• DATA RECORDS
################

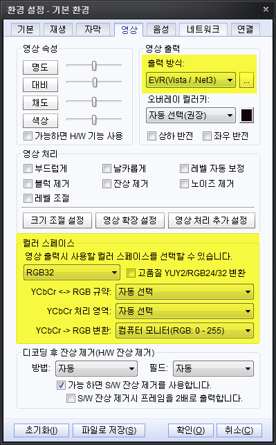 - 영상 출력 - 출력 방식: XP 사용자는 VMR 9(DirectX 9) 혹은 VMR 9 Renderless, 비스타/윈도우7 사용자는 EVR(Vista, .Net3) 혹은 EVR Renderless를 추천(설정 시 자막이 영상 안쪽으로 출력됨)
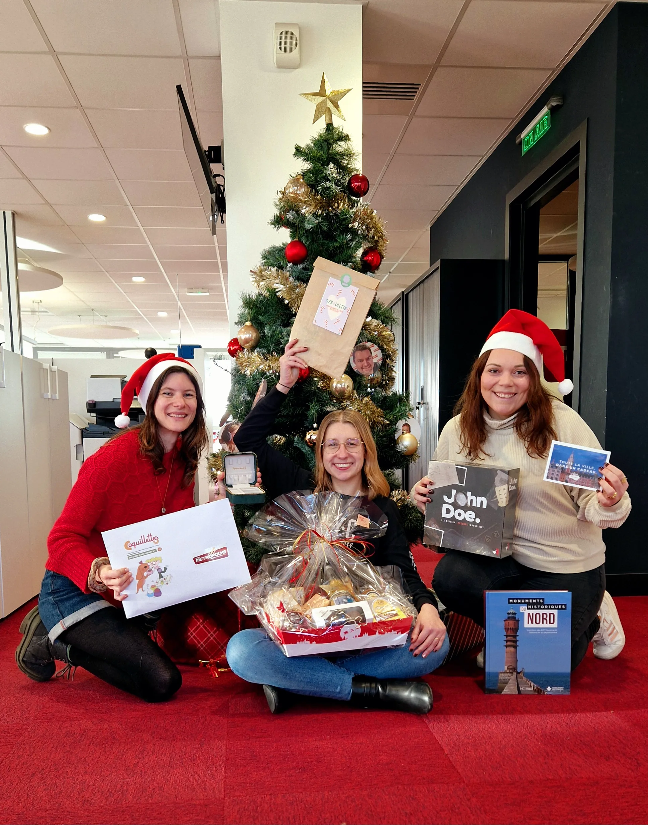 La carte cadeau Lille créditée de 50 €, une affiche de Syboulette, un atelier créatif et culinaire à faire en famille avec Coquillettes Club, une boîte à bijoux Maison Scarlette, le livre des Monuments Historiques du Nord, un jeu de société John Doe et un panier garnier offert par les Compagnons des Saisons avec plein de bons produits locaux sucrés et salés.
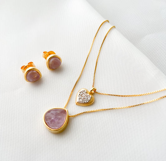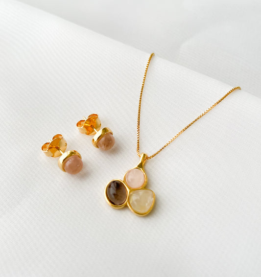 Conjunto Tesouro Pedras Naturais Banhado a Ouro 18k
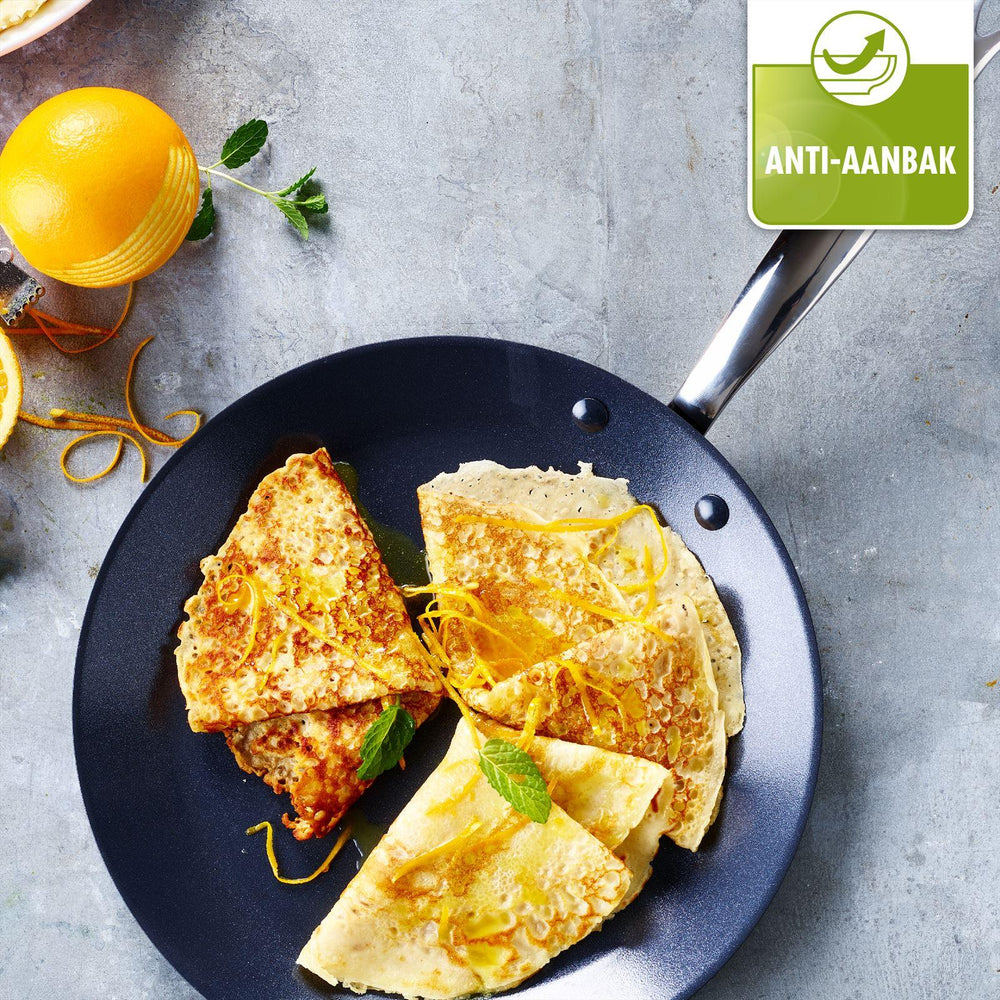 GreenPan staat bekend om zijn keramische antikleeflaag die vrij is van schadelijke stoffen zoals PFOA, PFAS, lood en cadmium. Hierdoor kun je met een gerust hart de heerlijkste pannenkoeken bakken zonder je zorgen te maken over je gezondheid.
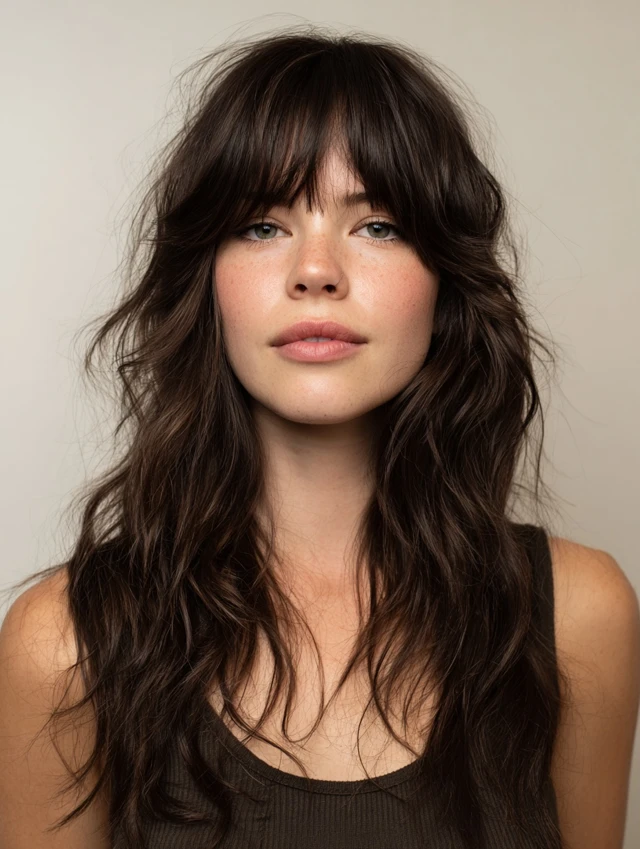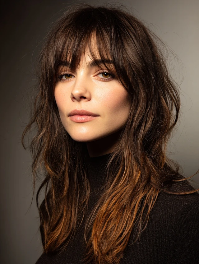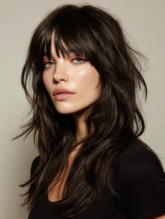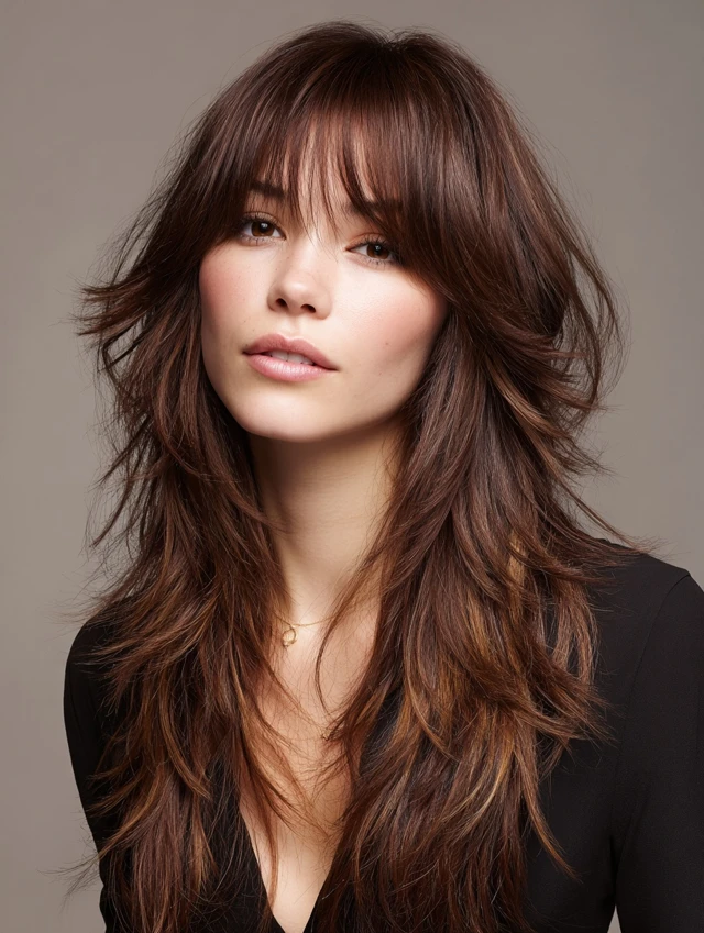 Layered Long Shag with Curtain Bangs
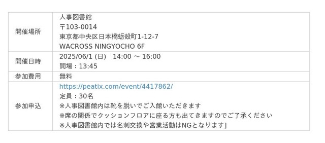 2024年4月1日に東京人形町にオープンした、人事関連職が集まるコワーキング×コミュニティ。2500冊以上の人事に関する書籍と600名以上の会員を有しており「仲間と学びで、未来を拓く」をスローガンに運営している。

################

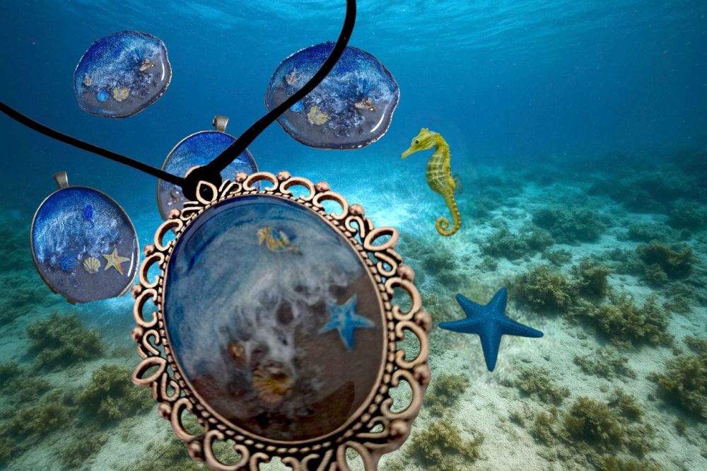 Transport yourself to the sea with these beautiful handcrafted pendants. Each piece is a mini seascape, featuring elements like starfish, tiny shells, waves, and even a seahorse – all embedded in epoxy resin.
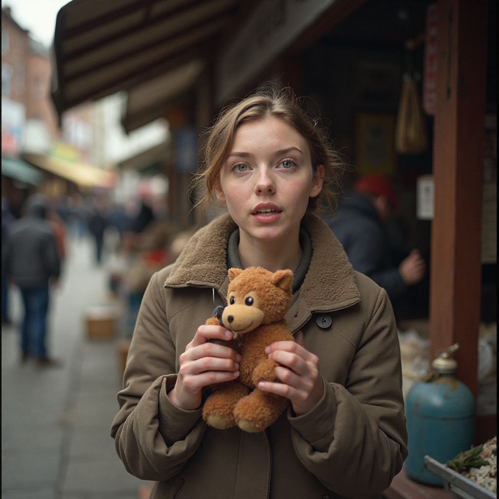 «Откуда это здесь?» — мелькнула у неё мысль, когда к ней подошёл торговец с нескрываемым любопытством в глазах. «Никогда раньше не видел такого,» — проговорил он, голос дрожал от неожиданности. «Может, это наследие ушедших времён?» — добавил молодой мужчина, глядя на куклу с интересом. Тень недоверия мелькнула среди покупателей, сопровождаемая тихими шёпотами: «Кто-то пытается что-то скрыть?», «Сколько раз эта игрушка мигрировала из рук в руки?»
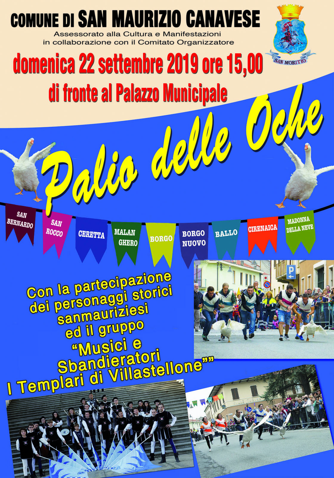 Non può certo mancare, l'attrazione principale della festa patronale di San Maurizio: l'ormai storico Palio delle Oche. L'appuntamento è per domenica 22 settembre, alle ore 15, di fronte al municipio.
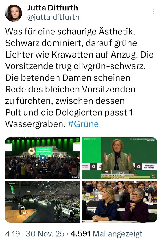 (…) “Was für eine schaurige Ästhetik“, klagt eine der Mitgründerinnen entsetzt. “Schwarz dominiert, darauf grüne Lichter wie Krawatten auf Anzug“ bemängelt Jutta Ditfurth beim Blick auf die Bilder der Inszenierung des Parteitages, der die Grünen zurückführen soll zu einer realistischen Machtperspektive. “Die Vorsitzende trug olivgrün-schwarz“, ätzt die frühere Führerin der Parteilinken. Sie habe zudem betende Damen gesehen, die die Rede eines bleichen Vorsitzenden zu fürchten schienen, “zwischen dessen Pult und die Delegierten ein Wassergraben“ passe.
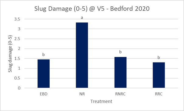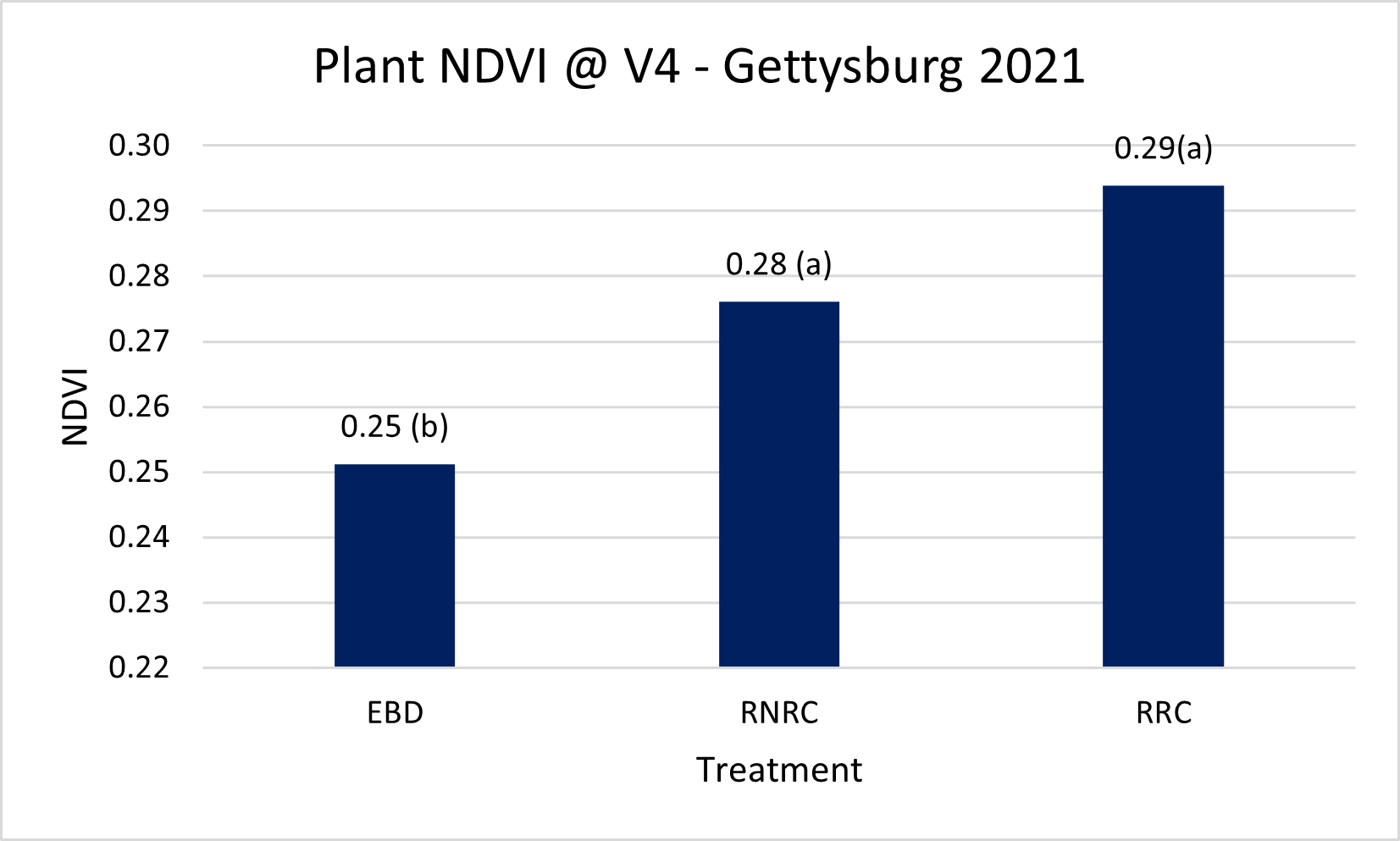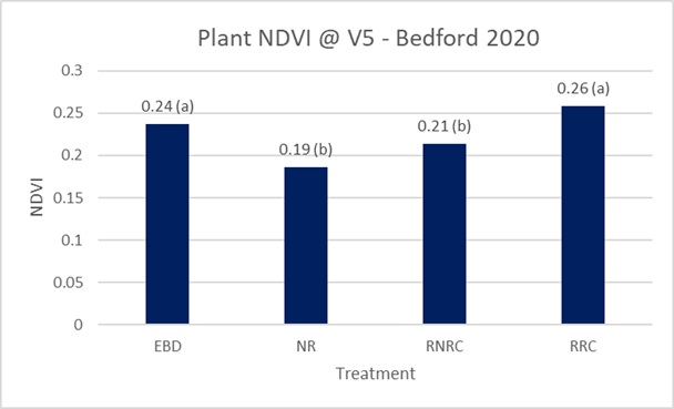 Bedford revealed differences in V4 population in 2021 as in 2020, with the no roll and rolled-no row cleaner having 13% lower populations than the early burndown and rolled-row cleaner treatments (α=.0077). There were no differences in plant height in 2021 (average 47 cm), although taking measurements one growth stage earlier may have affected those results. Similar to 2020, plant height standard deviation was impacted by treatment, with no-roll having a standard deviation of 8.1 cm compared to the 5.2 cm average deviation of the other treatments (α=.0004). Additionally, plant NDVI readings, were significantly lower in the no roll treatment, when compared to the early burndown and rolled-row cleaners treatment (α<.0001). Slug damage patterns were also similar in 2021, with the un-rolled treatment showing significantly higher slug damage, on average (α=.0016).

################

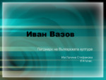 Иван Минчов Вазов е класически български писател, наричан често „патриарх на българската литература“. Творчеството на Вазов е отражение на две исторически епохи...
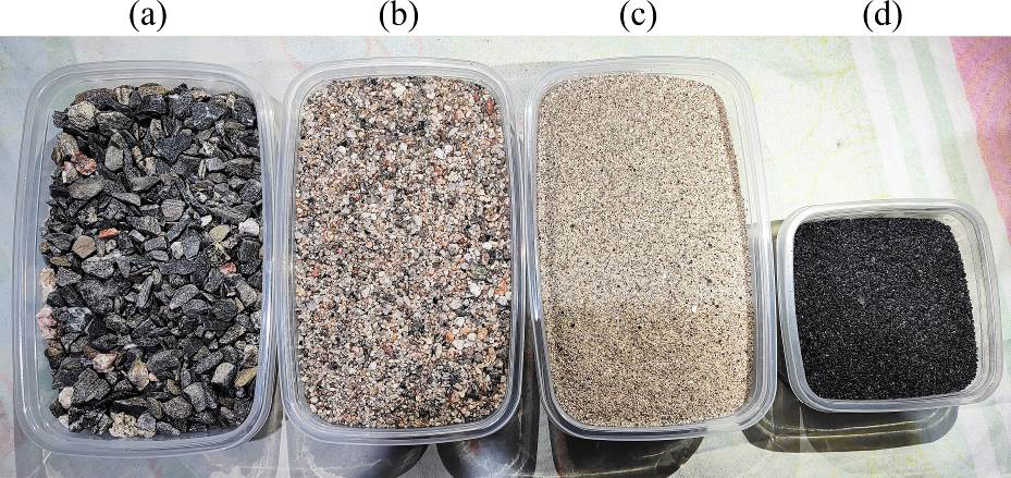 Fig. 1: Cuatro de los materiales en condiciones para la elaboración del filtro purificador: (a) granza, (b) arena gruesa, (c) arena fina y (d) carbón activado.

################

• EXERCISE AIM
The response must repeat exactly the lines above from the one with "La carte cadeau" through the one with "Conjunto Tesouro Pedras", including both, and must contain no pictures and no other text.

• SOLUTION TO THIS EXERCISE
 La carte cadeau Lille créditée de 50 €, une affiche de Syboulette, un atelier créatif et culinaire à faire en famille avec Coquillettes Club, une boîte à bijoux Maison Scarlette, le livre des Monuments Historiques du Nord, un jeu de société John Doe et un panier garnier offert par les Compagnons des Saisons avec plein de bons produits locaux sucrés et salés.
 Conjunto Tesouro Pedras Naturais Banhado a Ouro 18k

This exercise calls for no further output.